Print the whole listing below exactly as given, pictures excluded.

Data ▸
◆ ◆ ◆

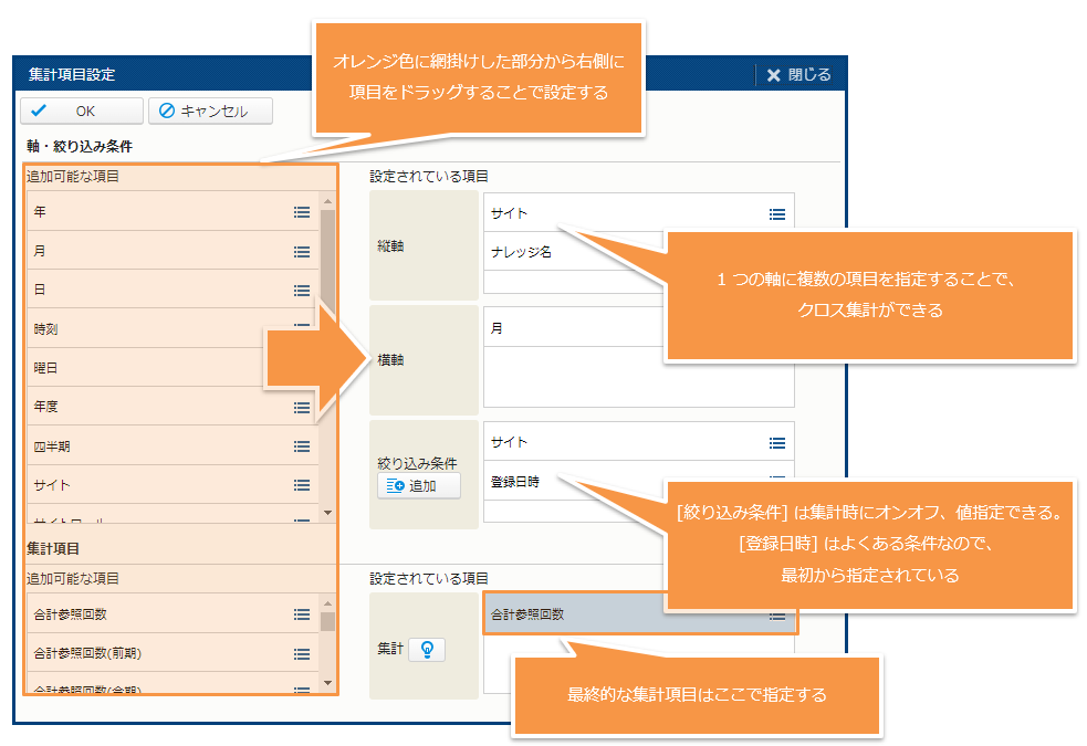 [設定] をクリックすると、[集計項目設定] サブウィンドウが表示されます。集計項目は、このサブウィンドウで設定します。[追加可能な項目] から [設定されている項目] に項目をドラッグすることで設定できます。
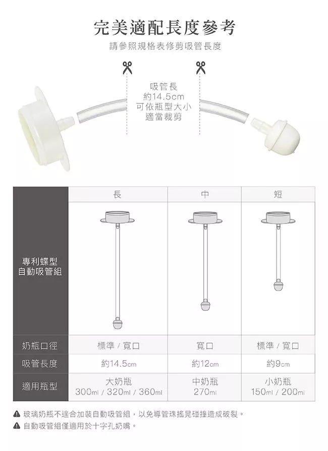 2.本產品為自動吸管替換配件,請依奶瓶大小適當裁剪。
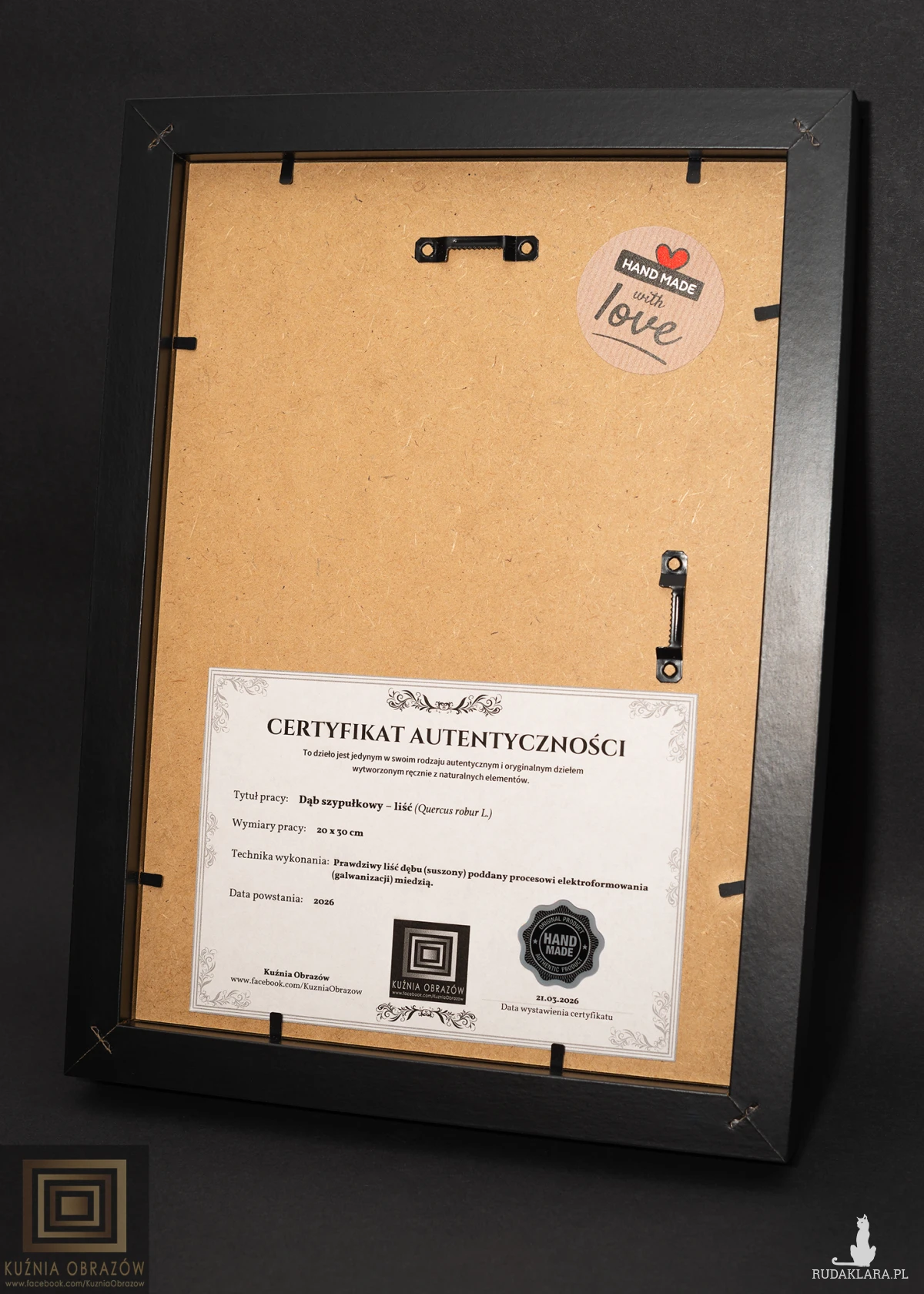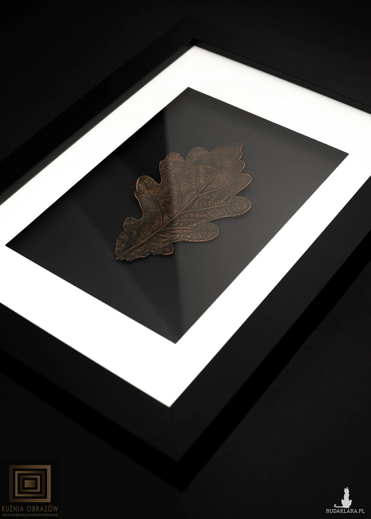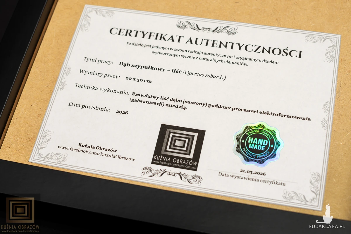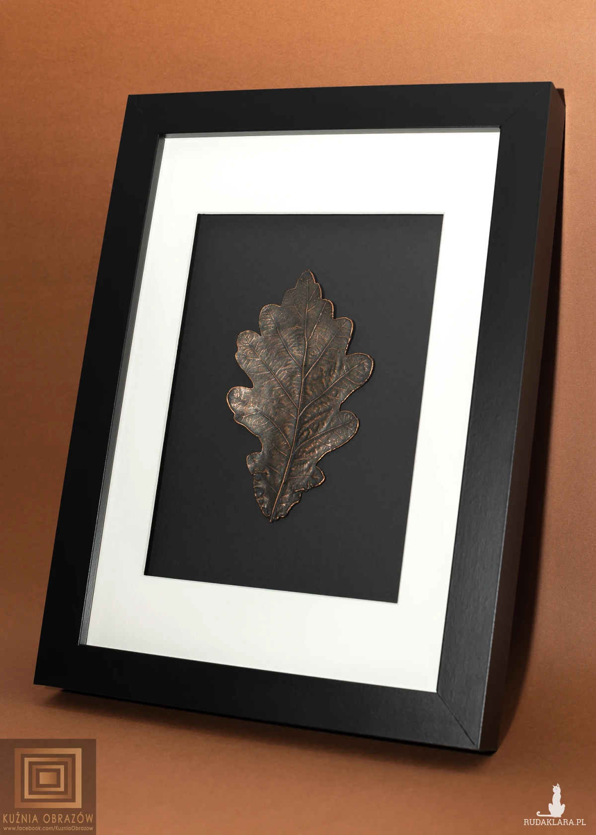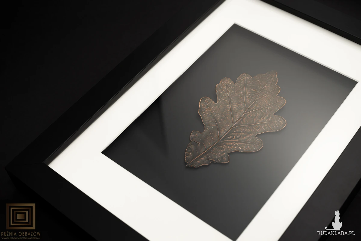 Miedziany liść dębu w nowoczesnej oprawie.
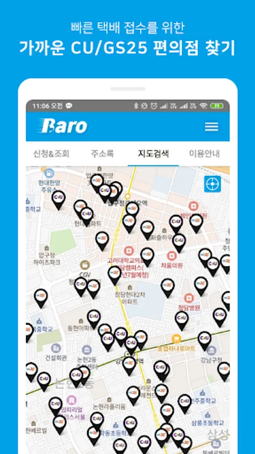 *Note: Currently, E-Mart 24 convenience store courier service is only available for some stores. Be sure to check the E-Mart 24 store that accepts convenience store courier service in the map search in the Baro Courier app before visiting!

◆ ◆ ◆

Result below ▸
 [設定] をクリックすると、[集計項目設定] サブウィンドウが表示されます。集計項目は、このサブウィンドウで設定します。[追加可能な項目] から [設定されている項目] に項目をドラッグすることで設定できます。
 2.本產品為自動吸管替換配件,請依奶瓶大小適當裁剪。
 Miedziany liść dębu w nowoczesnej oprawie.
 *Note: Currently, E-Mart 24 convenience store courier service is only available for some stores. Be sure to check the E-Mart 24 store that accepts convenience store courier service in the map search in the Baro Courier app before visiting!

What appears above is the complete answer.